When Muir went home for a week before returning to Hyde Park for the summer, he left his 2-by-1–foot box of worms, labeled “compost,” with summer renters whom he hadn’t met. On his return, he realized he should have left a more instructive note: one of the subletters had put too many leftover beans in the box, and it had accumulated fruit flies, spiders, and rot—“a big box of disgusting.” He cleaned the mess and left the box on the porch for a month to get rid of the odor, gradually rebuilding the worms’ composting capacity. The worms adjust to their environment, Muir says, and are restricted only by the size of the box: “If there’s a shortage of food, the worms naturally reduce their population, and if there’s more food they increase it.” He now feeds the worms most of his fruit and vegetable trash and uses some of their soil to grow potted basil.

“Wormalution,” as eco-conscious students call it—its practitioners are “wormalutionaries”—was demonstrated in a requisite April workshop by Cecelia Ungari, conservation programs coordinator for the Shedd Aquarium. Other Earth Week programs included a tour of Hyde Park’s trees, panels on urban agriculture and environmental justice, and the Tap Water Challenge—in which students compared the taste of tap water to bottled and learned why tap is more sustainable. Eric Heineman, hired in February as the University’s first sustainability-project manager, coordinated the Earth Week schedule. “What was exciting to me here,” says Heineman—who has a bachelor’s in environmental studies from the University of Vermont and has worked at greening two Chicago-area schools—“was all the different student groups, who are very active and interested and all have their own niche.” Seven campus environmental groups, as well as individuals from the Graham School and the Law School, planned Earth Week activities.

“Students really pushed the school to create this position,” Heineman says of his new job. “They wanted someone who could be engaged full time” in campus environmentalism. Heineman answers primarily to the Sustainability Council, a group he appreciates because “anyone can bring ideas” to the twice quarterly meetings. To assist the group’s goals, in early August he launched a new Web site, sustainability.uchicago.edu. It offers information about environmental student groups; academic offerings, including the Program for the Global Environment; and links to local and national resources on sustainability, such as the City of Chicago’s recycling program.

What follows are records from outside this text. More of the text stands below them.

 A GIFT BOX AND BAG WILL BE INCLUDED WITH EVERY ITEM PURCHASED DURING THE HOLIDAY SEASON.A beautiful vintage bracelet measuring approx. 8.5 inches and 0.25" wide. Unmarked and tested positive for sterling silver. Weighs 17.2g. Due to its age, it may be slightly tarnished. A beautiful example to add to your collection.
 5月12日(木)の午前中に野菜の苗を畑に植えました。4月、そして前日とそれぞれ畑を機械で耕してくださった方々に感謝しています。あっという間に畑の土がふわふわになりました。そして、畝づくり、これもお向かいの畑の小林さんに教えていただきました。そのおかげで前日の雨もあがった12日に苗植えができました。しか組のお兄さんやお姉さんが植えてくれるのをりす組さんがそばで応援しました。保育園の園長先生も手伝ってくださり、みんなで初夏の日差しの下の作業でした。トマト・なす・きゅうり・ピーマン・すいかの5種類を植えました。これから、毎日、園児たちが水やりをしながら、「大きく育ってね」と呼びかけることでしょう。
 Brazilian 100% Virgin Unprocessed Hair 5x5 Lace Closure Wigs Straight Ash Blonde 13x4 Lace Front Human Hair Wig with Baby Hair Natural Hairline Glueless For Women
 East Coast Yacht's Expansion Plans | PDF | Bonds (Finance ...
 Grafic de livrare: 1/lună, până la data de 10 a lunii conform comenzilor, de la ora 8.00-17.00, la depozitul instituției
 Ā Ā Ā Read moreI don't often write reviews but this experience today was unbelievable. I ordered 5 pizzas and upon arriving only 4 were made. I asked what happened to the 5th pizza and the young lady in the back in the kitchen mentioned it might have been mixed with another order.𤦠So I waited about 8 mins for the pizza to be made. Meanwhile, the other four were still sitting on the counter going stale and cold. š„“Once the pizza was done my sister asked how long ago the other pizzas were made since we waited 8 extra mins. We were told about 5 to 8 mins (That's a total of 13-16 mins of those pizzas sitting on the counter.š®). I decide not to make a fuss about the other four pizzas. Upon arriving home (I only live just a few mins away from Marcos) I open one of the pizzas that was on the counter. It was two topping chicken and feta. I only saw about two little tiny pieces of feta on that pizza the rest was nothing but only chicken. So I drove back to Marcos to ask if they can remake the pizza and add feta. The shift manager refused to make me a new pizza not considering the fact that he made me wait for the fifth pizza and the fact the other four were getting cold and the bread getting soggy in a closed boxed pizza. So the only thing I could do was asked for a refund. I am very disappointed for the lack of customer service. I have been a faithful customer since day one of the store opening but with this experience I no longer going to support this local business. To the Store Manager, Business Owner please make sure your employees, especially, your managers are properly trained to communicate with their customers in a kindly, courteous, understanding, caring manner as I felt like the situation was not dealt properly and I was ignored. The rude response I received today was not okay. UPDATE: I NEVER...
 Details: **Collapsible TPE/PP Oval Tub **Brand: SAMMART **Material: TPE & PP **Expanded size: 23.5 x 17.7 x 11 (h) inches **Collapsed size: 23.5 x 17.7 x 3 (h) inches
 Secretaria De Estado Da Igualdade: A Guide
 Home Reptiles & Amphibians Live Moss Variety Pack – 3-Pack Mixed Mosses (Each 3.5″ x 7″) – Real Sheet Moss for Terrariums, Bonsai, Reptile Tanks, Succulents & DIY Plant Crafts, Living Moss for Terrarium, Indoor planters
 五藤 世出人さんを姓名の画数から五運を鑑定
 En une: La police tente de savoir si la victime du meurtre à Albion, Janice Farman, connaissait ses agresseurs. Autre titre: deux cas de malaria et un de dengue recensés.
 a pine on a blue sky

Heineman describes the site as “an institutionalized place for sustainability.” He plans to add a Sustainability Council blog as well as one for event managers to compare caterers’ earth-friendliness. His non-Web plans are equally extensive. He wants to work with the Study Abroad Office to establish a program for students to study the environment around the world. He hopes to organize a tree-planting day through the Community Service Center to help offset the University’s carbon footprint. Also on his list of possibilities: a field trip to a local blue-cart recycling plant and urban gardens that make use of Woodlawn’s empty lots.

Campus environmentalists are full of ideas and plans that sometimes encounter kinks. For example, when Muir’s roommate saw his composting worms, she “screamed so loudly the neighbor called 911,” he said. One student lost his worms when roommates mistook them for garbage and threw them out; another admitted to having “ceased their upkeep,” and several students who left Chicago for the summer never found temporary caretakers. But the worms are only a small part of a greater strategy that students and administrators hope will make the school—and the world—greener.